The Geospatial Energy Mapper, an update to the Energy Zones Mapping Tool, is an online tool with a large catalog of mapping data for energy planning. It can aid in the identification of areas suitable for clean energy infrastructure projects. The Geospatial Energy Mapper is an online interactive mapping tool that can assist in identifying areas across the country that are suitable for wind, solar, and other clean energy infrastructure projects.
It can be difficult to remember, or even imagine, life before most of us carried around a dynamic mapping platform in our back pocket. It has become second nature to be able to quickly map out the most efficient route by car, bike, or foot. What if the same principle of having an easily accessible and easy-to-use tool could be applied to mapping energy infrastructure?
The Geospatial Energy Mapper (GEM) is a comprehensive, interactive online mapping tool that can help identify areas across the country that are suitable for wind, solar and more. First publicly launched in 2013 as the Energy Zones Mapping Tool (EZMT), GEM has been redesigned, rebranded, and reengineered. GEM is hosted by the U.S. Department of Energy’s (DOE) Argonne National Laboratory with funding from the DOE’s Office of Electricity.
Choosing where to build utility-scale renewable energy development is a tremendously important decision with consequences that extend far beyond the generation of electricity.
Michael Levin
“In GEM we applied lessons learned from almost 10 years hosting the EZMT, including making it easier to learn and use, updating the software architecture, and choosing a name fitting its current scope of uses,” said Jim Kuiper, principal geospatial engineer, and GEM technical coordinator.

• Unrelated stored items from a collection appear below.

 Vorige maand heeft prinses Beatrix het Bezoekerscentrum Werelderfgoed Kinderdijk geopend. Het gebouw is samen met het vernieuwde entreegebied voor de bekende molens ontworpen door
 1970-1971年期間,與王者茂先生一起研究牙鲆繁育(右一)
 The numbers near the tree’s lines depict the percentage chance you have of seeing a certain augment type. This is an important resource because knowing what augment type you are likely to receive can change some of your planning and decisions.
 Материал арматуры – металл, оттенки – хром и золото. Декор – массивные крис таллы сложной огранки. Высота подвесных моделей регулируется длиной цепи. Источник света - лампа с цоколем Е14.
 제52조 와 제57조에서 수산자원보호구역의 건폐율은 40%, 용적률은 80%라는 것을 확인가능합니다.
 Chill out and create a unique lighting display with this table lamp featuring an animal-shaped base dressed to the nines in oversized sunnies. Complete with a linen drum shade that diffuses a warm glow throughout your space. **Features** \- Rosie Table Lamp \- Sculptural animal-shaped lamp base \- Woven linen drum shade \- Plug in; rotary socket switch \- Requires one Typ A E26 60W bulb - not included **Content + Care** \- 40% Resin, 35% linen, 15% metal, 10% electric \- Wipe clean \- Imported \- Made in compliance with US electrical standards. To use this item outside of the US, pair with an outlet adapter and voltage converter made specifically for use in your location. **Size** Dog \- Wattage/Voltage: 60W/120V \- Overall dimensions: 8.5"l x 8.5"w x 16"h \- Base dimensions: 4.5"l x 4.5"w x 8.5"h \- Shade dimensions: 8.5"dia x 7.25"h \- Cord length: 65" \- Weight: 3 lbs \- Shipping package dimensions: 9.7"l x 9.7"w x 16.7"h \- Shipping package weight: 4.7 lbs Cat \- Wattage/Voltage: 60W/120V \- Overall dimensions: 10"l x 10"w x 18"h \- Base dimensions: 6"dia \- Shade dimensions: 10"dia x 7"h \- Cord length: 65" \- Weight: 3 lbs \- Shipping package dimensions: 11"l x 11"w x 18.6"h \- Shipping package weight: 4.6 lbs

GEM has a large catalog of mapping data. This includes information about energy resources and infrastructure, as well as other information that could influence energy infrastructure siting decisions. Users can locate areas for clean energy generation, electric vehicle charging stations, and more using over 190 different mapping layers, including demographics, boundaries, and utilities.
One of the new features is mapping themes, which allow the map to be quickly configured for a specific focus, such as solar, wind, or electric vehicles. This new feature allows users to quickly load multiple layers associated with a specific technology or resource without having to manually search the mapping catalog and add individual layers to the map.

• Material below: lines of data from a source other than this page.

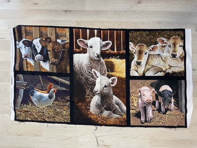 Bondegårds dyr 5 motiver på patchworkstof 1 rapport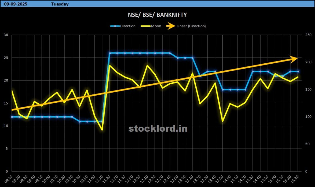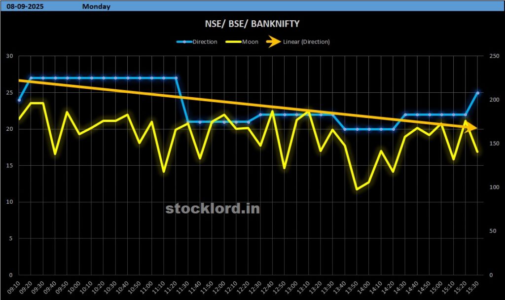 The Indian stock market enters the second week of September 2025 with a highly eventful planetary setup, especially for Nifty 50 and Bank Nifty traders. The interplay of Moon with Rahu, Saturn, Neptune, and Mars in the Sarvatobhadra Chakra (SBC) indicates a week dominated by high volatility, sharp intraday swings, and a mix of bullish and bearish phases. Alongside astrology, critical Gann and intraday support-resistance levels suggest clear trading ranges for both Bank Nifty and Nifty 50.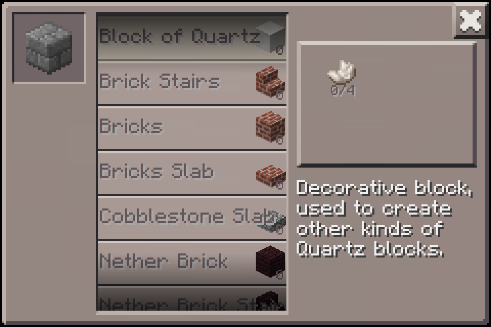 chiseled quartz block and pillar quartz block can not be crafted in survival mode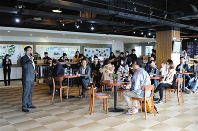 11月2日,位于杭州的海创基地。工作人员正在向访客介绍,这里每周二都会举办“六和桥”投融资沙龙,为创业者找资金,为投资者找项目。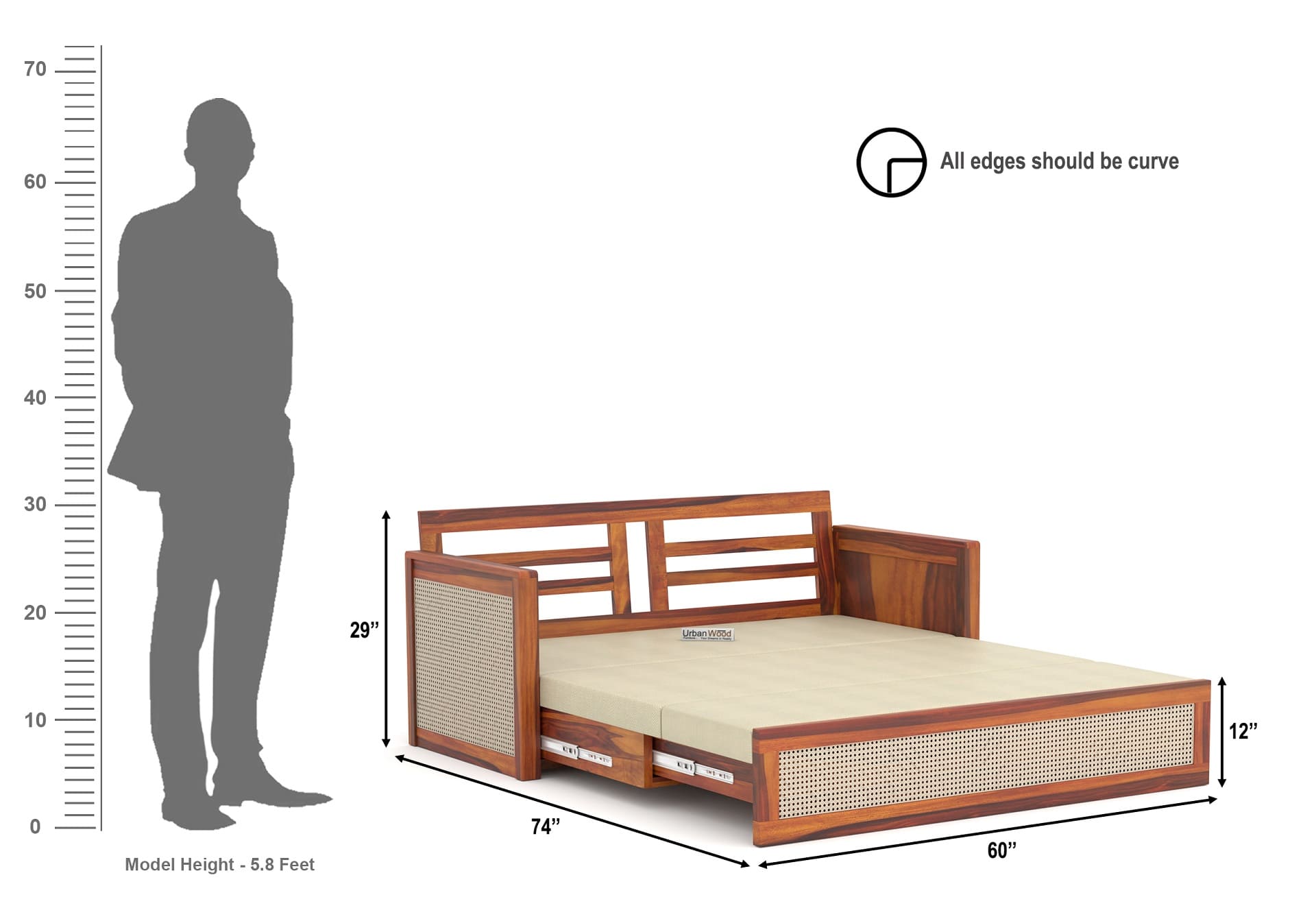 Generic Name -Augusta Sofa Cum Bed (Honey Finish)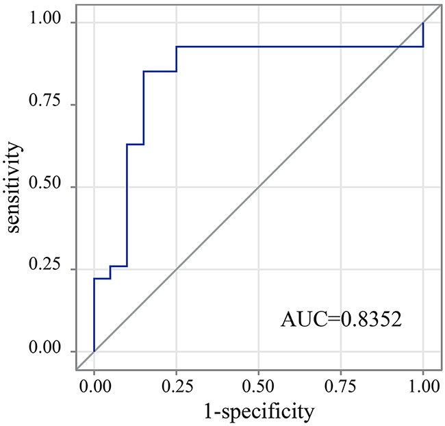 Figure 4: ROC analysis of plasma sample detection from tumor tissue mutation positive samples. The AUC value is 0.8352, which is significant, with a P value of 0.0091. The cut-off value = max (sensitivity + specificity -1). The figure also shows a maximum sensitivity and specificity of 85.19% and 85.00%, respectively.

With GEMs modeling capabilities, users can generate a customized suitability map or “heat map.” This map shows which geographical areas in the United States are favorable for the development of certain energy resources and infrastructures. GEM includes preconfigured models for over 40 types of energy infrastructure. Land-based wind turbines or utility-scale photovoltaic solar are two examples. This provides a convenient starting point that users can then easily customize.

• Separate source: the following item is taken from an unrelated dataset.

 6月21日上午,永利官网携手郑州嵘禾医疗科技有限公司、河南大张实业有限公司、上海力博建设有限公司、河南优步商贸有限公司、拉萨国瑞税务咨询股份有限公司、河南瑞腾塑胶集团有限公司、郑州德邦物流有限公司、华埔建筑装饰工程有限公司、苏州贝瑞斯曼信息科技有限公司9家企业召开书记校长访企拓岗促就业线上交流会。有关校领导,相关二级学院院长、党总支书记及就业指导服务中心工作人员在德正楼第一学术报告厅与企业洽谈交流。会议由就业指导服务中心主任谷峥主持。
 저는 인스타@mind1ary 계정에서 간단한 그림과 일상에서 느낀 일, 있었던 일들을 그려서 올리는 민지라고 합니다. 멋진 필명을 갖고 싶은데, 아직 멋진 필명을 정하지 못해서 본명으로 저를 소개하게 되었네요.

“Choosing where to build utility-scale renewable energy development is a tremendously important decision with consequences that extend far beyond the generation of electricity,” said Michael Levin, a GEM user, and Ph.D. student at Columbia University studying renewable energy landscapes. ? “GEM not only makes energy suitability maps available to the public, but it also allows the user to customize the model used to generate such a map.”
GEM has nearly 100 modeling criteria from which to choose. Population density, proximity to the nearest substation, slope, wildfire risk, and percentage of low-income households are just a few examples. For the development of clean energy resources, nine types of energy resources can be analyzed. Biomass, coal (with carbon capture and sequestration), geothermal, natural gas, nuclear, solar, storage, water, and wind are among them.
GEM, like the EZMT, is expected to have a diverse user base. Planners and regulators at all levels of government have used the tool. The EZMT, for example, was used by Kentucky’s Office of Energy Policy to prototype their Solar Site Suitability on Reclaimed Mine Lands tool. Private industry, public service commissions, and regional transmission organizations are among the other users. Finally, EZMT has been used by national laboratories, educational institutions, non-profit energy and natural resource organizations, and private individuals.